Table 3. Reagents detail.
| Antibodies used for immunocytochemistry | |||
|---|---|---|---|
| Empty Cell | Antibody | Dilution | Company Cat # and RRID |
| Pluripotency Markers | Mouse anti-Human POU5F1 (Oct3/4) | 1:500 | Santa Cruz Biotechnology sc-5279 RRID AB_628051 |
| Mouse anti-Human Tra-1-60 | 1:500 | Merck Millipore MAB4360 RRID AB_2119183 | |
| Secondary antibodies | Donkey anti-Mouse IgG, Alexa Fluor Plus 555 | 1:1000 | ThermoFisher A32773 RRID AB_2762848 |
| Nuclear stain | DAPI | 300 nM | Thermofisher D1306 |
| Primers | Target | Forward/Revers e primer (5′- 3′) | |
| Sequencing primers | PINK1 ILE368ASN | 5′-AACTATCCCTGTACCCTGCG-3′ 5′-CCAAAATCTGCGATCACCAGC-3′ | |
| Sequencing primers | PARKIN R275W | 5′-CCGCCACGTGATTTGCTTAG-3′ 5′-TCTGCAGGACACACTCCTCT-3′ | |
| qPCR primers | OCT4 | 5′-TCGAGAACCGAGTGAGAGG-3′ 5′-GAACCACACTCGGACCACA-3′ | |
| qPCR primers | SOX2 | 5′-GCCGAGTGGAAACTTTTGTCG-3′ 5′-GCAGCGTGTACTTATCCTTCTT-3′ | |
| qPCR primers | NANOG | 5′-TTCCCTCCTCCATGGATCTG-3′ 5′-TGTTTCTTGACTGGGACCTTGTC-3′ | |
| qPCR primers | B2M Beta-2-microglobulin | 5′-GAGTATGCCTGCCGTGTG-3′ 5′-AATCCAAATGCGGCATCT-3′ | |
| Trilineage markers | |||
| Trilineage markers (qPCR) | Ectoderm, Mesoderm, Endoderm | Scorecard – Thermofisher – A15870 | |
5. Additional information
For additional methodological details, including mDA neuron differentiation, and for single cell RNAseq analysis data, please see (Novak et al., 2022).

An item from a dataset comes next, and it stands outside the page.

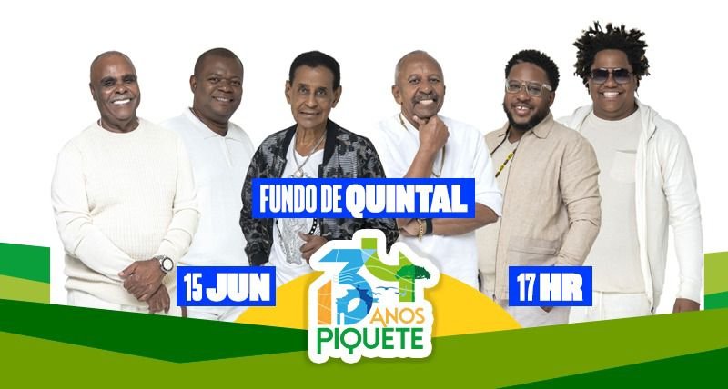 Com mais de 40 anos de carreira, o Fundo de Quintal revolucionou o samba ao incorporar instrumentos como o tantã, repique de mão e banjo, contribuindo para o surgimento do pagode. Entre seus sucessos estão clássicos como “A Amizade”, “O Show Tem Que Continuar” e “Lucidez”, que prometem embalar o público em um espetáculo nostálgico e animado.

Declaration of Competing Interest
The authors declare that they have no known competing financial interests or personal relationships that could have appeared to influence the work reported in this paper.
Acknowledgements
This work was made possible in part by support of S.F. from the Michael J Fox Foundation through Head Start Program and National Institutes of Health (NIH) grants R01 NS124848, RF1 AG058476, R37 NS101996, and P01 AG054407.